- Born: 1954 Lakewood, Ohio, U.S.
- Died: February 24, 2013 (aged 58–59)
- Education: Ohio State University Boston University
- Occupation: Occupational therapist
- Years active: 1983–2013
- Spouse: John Laferriere

= Jane Koomar =

American educator (1954–2013)

Jane Audry Koomar (1954 – February 24, 2013) was an American scholar, educator, occupational therapist, developmental psychologist and author. She co-founded OTA–Watertown, an occupational therapy-focused organization, in 1983. Today, now known as OTA The Koomar Center, it is the world's largest organization of its kind.

She was president of both OTA–Watertown and its related endeavor, the SPIRAL Foundation.

Koomar also had over twenty works published, including Answers to Questions Teachers Ask About Sensory Integration.

== Early life and education ==
Koomar was born in Lakewood, Ohio, to Michael and Audry Koomar.

In her teenage years, she started a daycare-style babysitting service for families in her neighborhood.

Koomar received a bachelor's degree in occupational therapy from Ohio State University. This was followed by a master's degree and PhD in developmental psychology at Boston University. She was also an assistant professor in occupational therapy.

She also studied under Anna Jean Ayres and Ginny Scardinia.

== Career ==
Early in her career as a therapist, Koomar, who was a fellow of the American Occupational Therapy Association, worked on strategies to introduce sensory integration therapy into the public-school system of Cambridge, Massachusetts.

In 1983, she founded OTA–Watertown in a former school building on Washington Street in Watertown, Massachusetts. Today, it is the world's largest organization of its kind.

Koomar was Professor of Practice at Tufts University, in the Boston School of Occupational Therapy, during a one-year stint.

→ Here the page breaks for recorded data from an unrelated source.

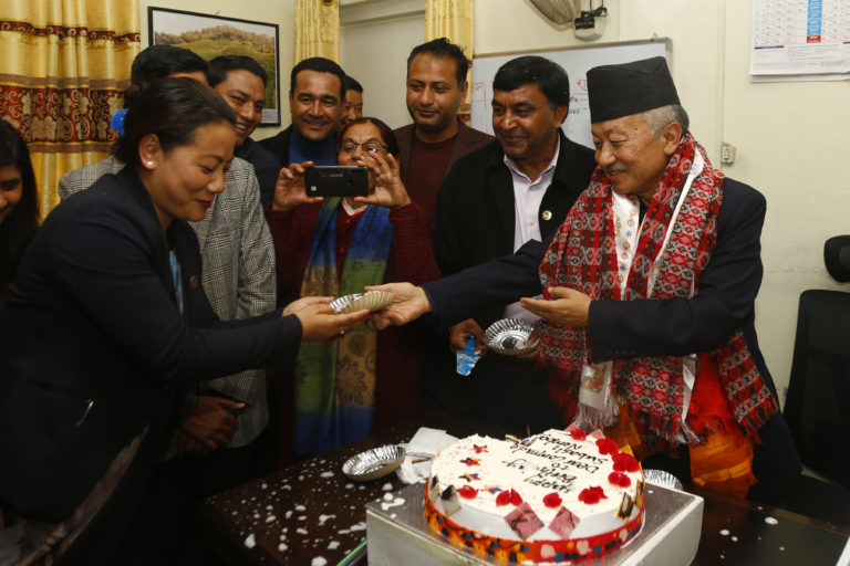 उक्त अवसरमा नेकपाका नेता खिमलाल भट्टराई लगायतका नेताहरुको उपस्थिति रहेको थियो । नेम्वाङको जन्मदिनमा उनका आफन्तजन तथा पार्टीका नेता तथा कार्यकर्ताहरुले शुभकामना दिईरहेका छन् । तस्विर : रासस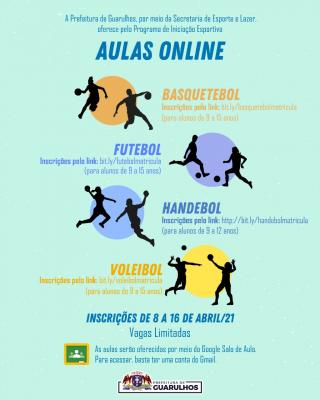 Os alunos poderão ter aulas online de basquetebol, futebol, handebol e voleibol por meio do Google Sala de Aula. Para se inscrever, basta acessar o link correspondente à modalidade escolhida: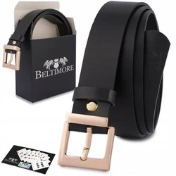 Skórzany pasek damski do spodni sukienki czarny skóra nat 4 cm Beltimore D86 : Kolory - czarny, Rozmiar pasków - r.95-110 cm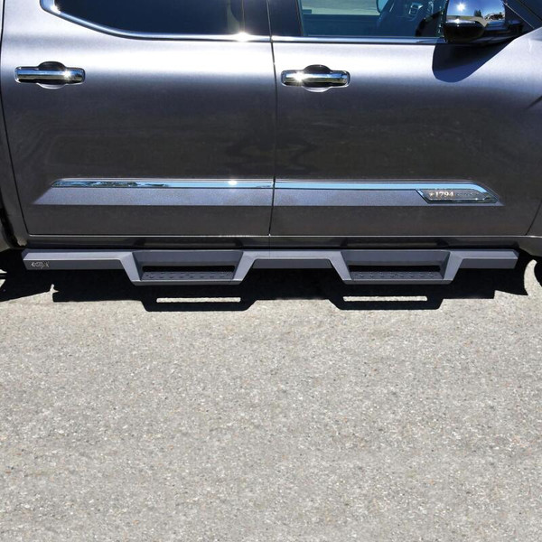 Westins HDX Drop Nerf Step Bars provide the rugged look and function that truck owners need and want. They feature a solid 1-piece steel construction and heavy duty punch plates creating high traction step areas. The HDX Drop Nerf Step Bars also feature Westins notched bar design which provides more than 2 in. of additional toe/heel placement versus competitive brands. Available in a textured black finish that complements Westin HDX Bumpers. The HDX Drop Steps have vehicle specific applications and include a vehicle specific mount kit, installation hardware and instructions.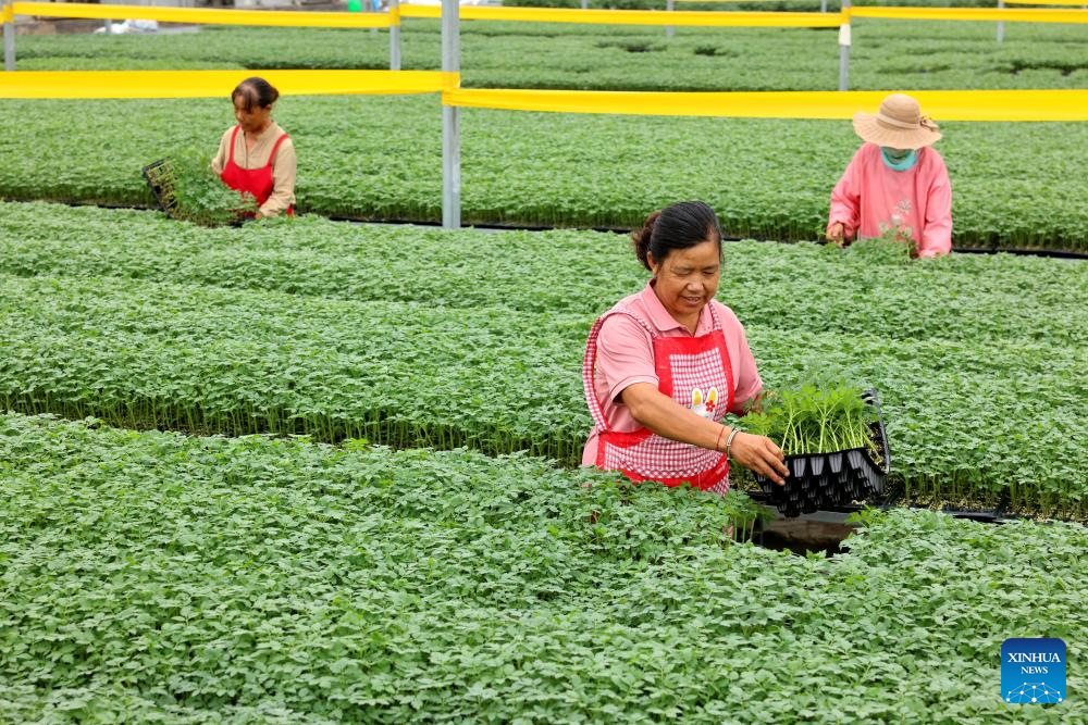 Farmers tend vegetable at a vegetable base in Xiwangzhuang Town, Zaozhuang City of east China's Shandong Province, Sept. 6, 2025. White Dew, a solar term meaning dew curdles and it starts to get cold, falls on Sept. 7 this year. (Photo by Sun Zhongzhe/Xinhua)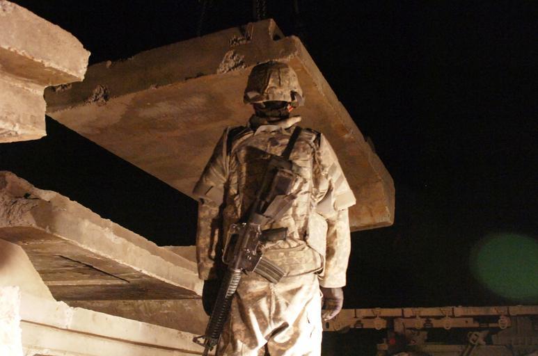 | Keywords: 20,000 barriers into Baghdad DVIDS115411.jpg en Weston Colo native Staff Sgt Jon Waldron of the 15th Transportation Company 165th Combat Sustainment Support Battalion 1st Sustainment Brigade guides a barrier into place at Joint Security Station Ur a barrier holding yard in Sadr City Barriers such as this one are being used all over Baghdad to build solid walls of reinforced concrete that serve to deter improvised explosive device attacks and cut off enemy escape routes 2008-09-15 Sgt Aaron Leblanc https //www dvidshub net/image/115411 115411 2008-09-15 09 17 CAMP TAJI IQ PD-USGov Camp Taji Images from DoD uploaded by Fæ |

Shortly after Koomar's death, OTA–Watertown moved around 0.6 mi west, to Bridge Street in Newton, Massachusetts, and was re-named OTA The Koomar Center in her honor. Sarah Sawyer became the new clinical director of the company.

== Personal life ==
Koomar married John Lafarriere, with whom she had a son and a daughter. The family lived in Bedford, Massachusetts.

== Death ==
Koomer died in 2013, having been diagnosed with breast cancer three years earlier.